DUBAI, United Arab Emirates — Rory McIlroy watched his 15-foot birdie putt roll into the cup, clenched his fist, and let out a roar to celebrate a victory that felt bigger and sweeter than most.
Because of the guy he beat as much as the big title he won.
The top-ranked McIlroy overcame a final-round charge from Patrick Reed to win the Dubai Desert Classic for the third time Monday after a tense duel between players who were involved in a pre-tournament spat.
McIlroy finished birdie-birdie to shoot 4-under-par 68 and win by a stroke over Reed, who shot 65.
“Mentally, today was probably one of the toughest rounds I have ever had to play because it would be really easy to let your emotions get in the way,” McIlroy said. “I just had to really focus on myself and forget who was up there on the leaderboard.”

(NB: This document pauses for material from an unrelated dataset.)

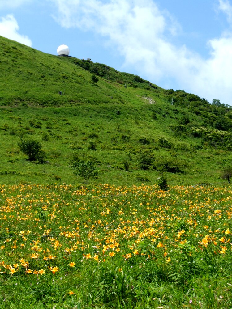 霧ケ峰の盛夏(ニッコウキスゲの乱舞と気象レーダー)

McIlroy and Reed traded verbal blows Wednesday after an interaction — of sorts — at the practice range on Tuesday that saw McIlroy snub Reed, who had gone over to wish the Northern Irishman a happy new year.
Reed walked away before lightly tossing a tee — featuring a logo of his 4 Aces team in the LIV Golf league — in the direction of McIlroy, one of the most vocal critics of the Saudi-run breakaway series.
Reed said it was “unfortunate” that McIlroy didn’t shake his hand and was quoted as describing McIlroy as “an immature little child.”
Hence McIlroy’s sense of satisfaction after making the title-clinching putt on the par-5 18th — a hole where he has encountered big problems over the past year.
“This is probably sweeter than it should be,” McIlroy said.
McIlroy started a year with a win for the first time in his career — he has come close numerous times in nearby Abu Dhabi, where he has typically chosen to play his year-opening tournament — and backed up victories at the Dubai Desert Classic in 2009 and 2015.
He decided to take extra time off around Christmas because, in his words, he was “mentally drained” by effectively being an anti-LIV spokesman last year.
He couldn’t escape those issues during his time off, either. McIlroy said he was served a subpoena on Christmas Eve from Larry Klayman — an attorney who has filed a lawsuit against the PGA Tour and European tour for suspending players who have signed with LIV Golf. Reed is not involved in that lawsuit. Klayman also represents Reed in lawsuits filed against a number of media outlets.
A final-day duel between McIlroy and Reed looked unlikely, with McIlroy starting Monday with a three-shot lead — and four ahead of American. However, he was overtaken on the back nine by Reed, who picked up seven shots in his first 13 holes while McIlroy was playing safety-first golf.
Reed bogeyed No. 16, could only make par at the drivable 17th after hitting his tee shot into a small bush but birdied No. 18 to put pressure on McIlroy, who had two-putted for birdie at No. 17 to move back into a share of the lead.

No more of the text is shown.